On Jan. 15th (day 15) I was beginning to grow very agitated with the withdrawals. They were lasting so much longer than I had anticipated and were made worse by the fact that I was only sleeping 4 hours every 36-48 hours. My nerves were shot and while I had no desire to use Heroin or any other similar opiate the thought did cross my mind to call it quits and jump back on Buprenorphine with the hopes that I could try again next year. I didn't do this.
Instead I decided to do an experiment of sorts. I decided that night I would take one of the two capsules of MDMA that had been sitting on my nightstand in a baggie. They had been staring at me for the last few weeks. That night around 10pm I took one of the capsules that contained 125mgs of MDMA that I personally ran reagent tests on for my own satisfaction.
-I can't post a time line for the effects as any notes I took were lost in a recent move. So I can just recap the experience as a whole-
My most frustrating withdrawal symptom is restless legs. By far. And it was my hope that by taking the MDMA I would at least be granted a 3-4 hour reprieve from that one symptom. Once the MDMA kicked in it became clear that all withdrawal symptoms were entirely alleviated. With my new found energy I decided to shower as a shower was desperately needed at that point and warm water on my skin was no longer such a terrifying idea. I was tempted to start cleaning my house as it was falling apart but realized that I would much rather simply lie down and be still. This stillness was more refreshing and invigorating that I can begin to describe. I sank into the couch without a thought for my legs. At that moment they didn't even exist. No longer was my body a torture chamber. So I rested. And I would breathe deeply and sigh. A good kind of sigh… over and over. Knowing full well what awaited me in just a few hours. But I paid the near future no mind and instead used this brief escape to reinvigorate myself. To further brace myself against the slings and arrows to come as it were.

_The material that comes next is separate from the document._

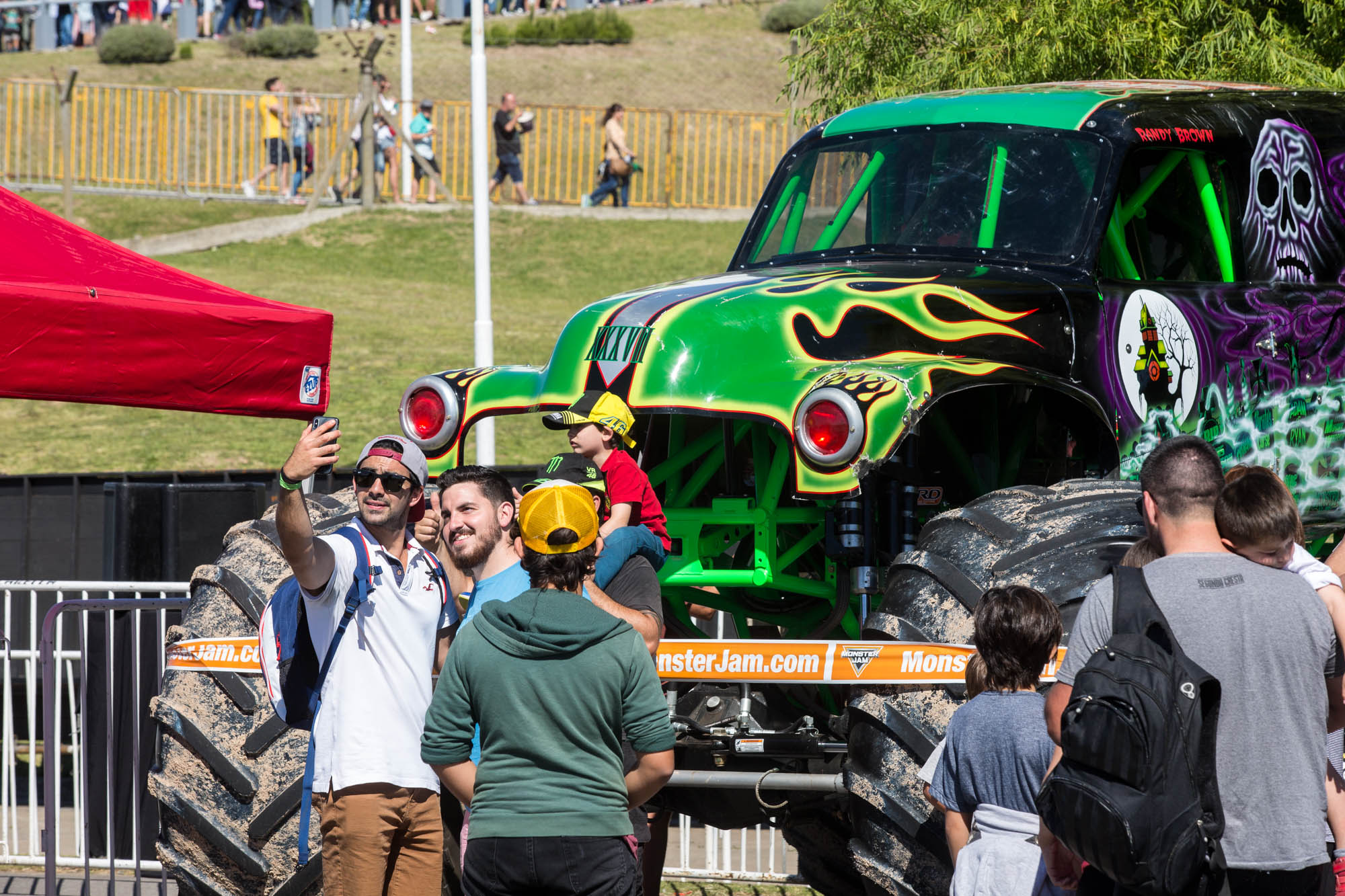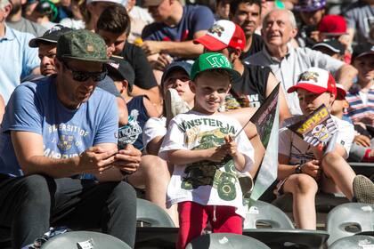 Acaban de presenciar el "two wheel challenge" y la excitación los desborda: se paran sobre la falda de sus madres, las interrumpen cuando hablan. Están rodeados de 30.000 personas, desde bebés de pocos meses en huevitos hasta abuelos que trajeron a sus nietos. Sin distinción de edad, el público luce gorras y remeras de Monster Jam, la exhibición de piruetas de los camiones más potentes del mundo, o de algunas de sus estrellas: Grave Digger, Zombie, Megalodon, Pirate’s Curse, Max-D. Comen pochoclo de un balde gigante ($200 con un vaso de souvenir). O hot dogs. O papas fritas con ketchup. Toman Coca común. Los adultos –bermudas, musculosas, gorras de NY– solo se diferencian por la lata negra de Monster Energy en sus manos. La bebida energizante auspicia a uno de los ocho monster trucks.
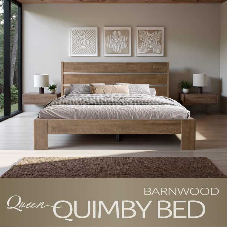 • East West Furniture Queen Size Bed Frame with Headboard & Footboard, Solid Wood Platform Bed, Metal Legs, 12 Durable Slatted Structure, No Box Spring Needed, Anti-Slip & Noise-Free, Easy Assembly, Barnwood Finish, QIQ-30 image - 1

Coming down was, as expected, extra unpleasant. Quite horrible actually. Difficult to describe. One odd thing that happened just at the end of the experience. It was prior to withdrawal symptoms returning but also after the positive effects of the MDMA had worn off. It was during this very brief window that I got the most intense “electrical” sensation covering my entire scalp and running down my spine. Paresthesia is what they call it I suppose but while this is normally a pleasant feeling this time it was not. It started fairly normally but quickly (within a few seconds) that electricity was turned up very high and eventually turned into burning hot pokers and intense pressure. This took place over roughly 20 seconds and the pain only increased over that time until finally the pain just dissolved away. Was quite an alarming thing to go through and marked a quick descent over the next five minutes back into the withdrawal state.

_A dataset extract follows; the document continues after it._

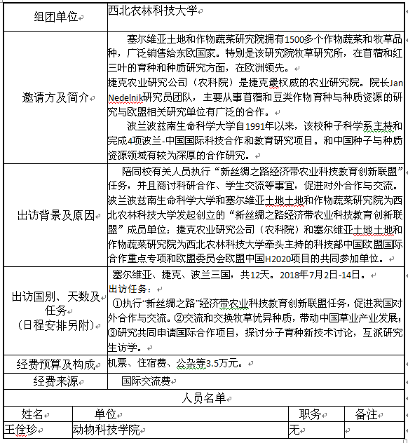 现将我院王佺珍教授因公出国予以公示,出访内容如下:
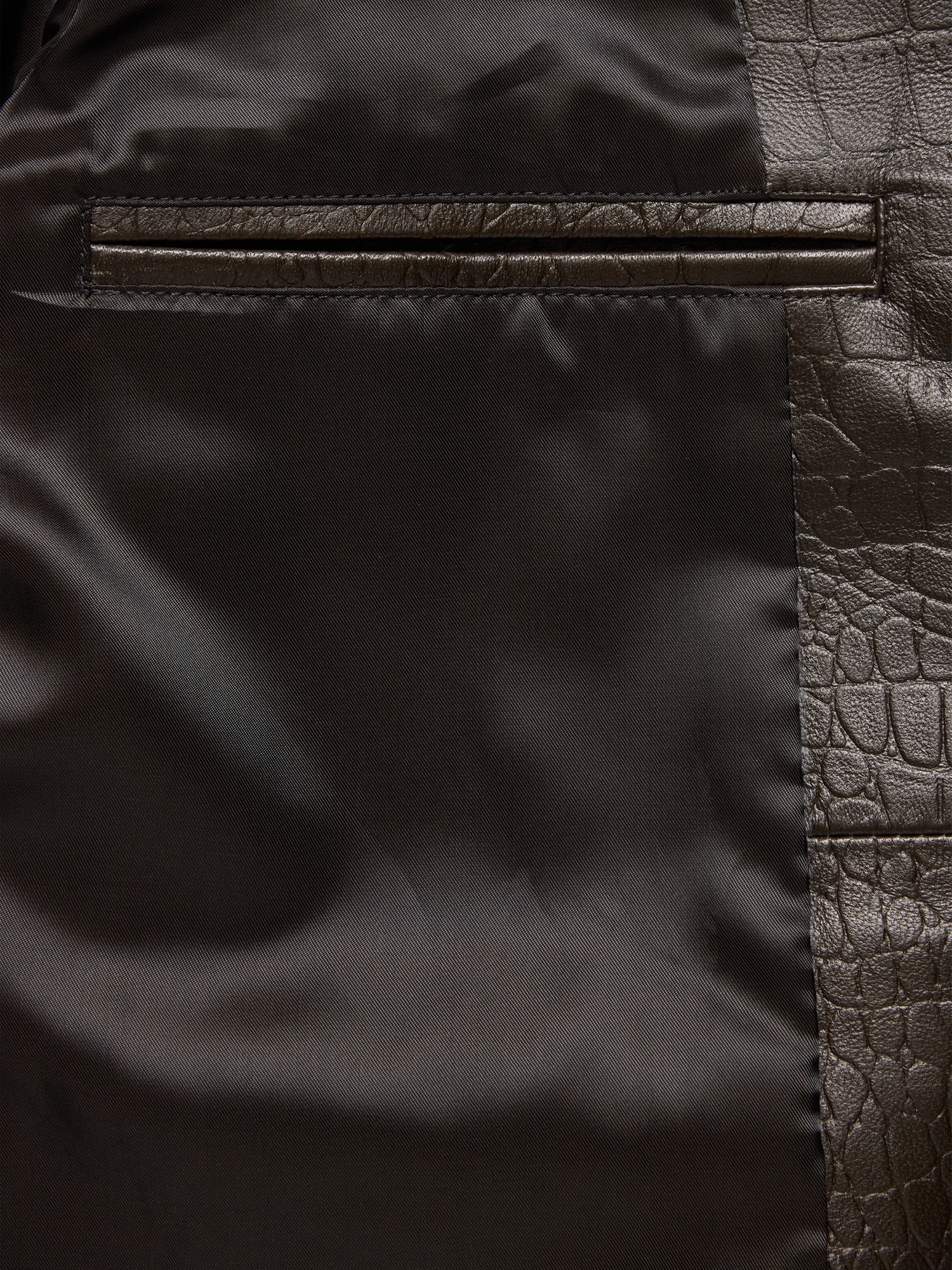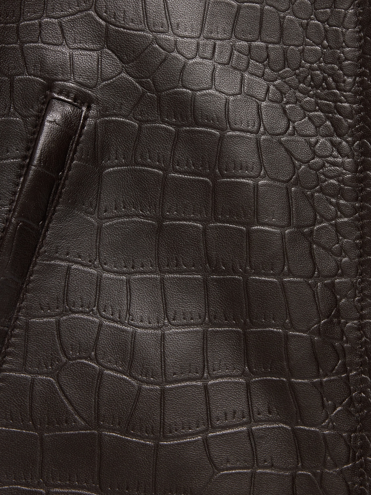 Look closely: this sleek leather jacket is cut from a luxurious leather quality that has been embossed to mimic the look and feel of crocodile. Here, we showcase this beautiful material in a classic, minimalist silhouette with a two-way zip front and point collar to give this style the retro, utilitarian vibe of a garage jacket.

Many times in various rehab's/detox's I've had the thought that it would surely be of great assistance to the kicking junky to simply get a break from the withdrawal symptoms. Even if it were only for a few minutes. Were this achievable without the use of opiates so as to avoid re-fucking those receptors and thus only extending the withdrawal, how wonderful would that be? Is that what I got with this MDMA experience?
I don't know.
But I'm one year, two months and 12 days clean. And that night with MDMA certainly helped and therefore MDMA deserves some of the credit. That much I do know.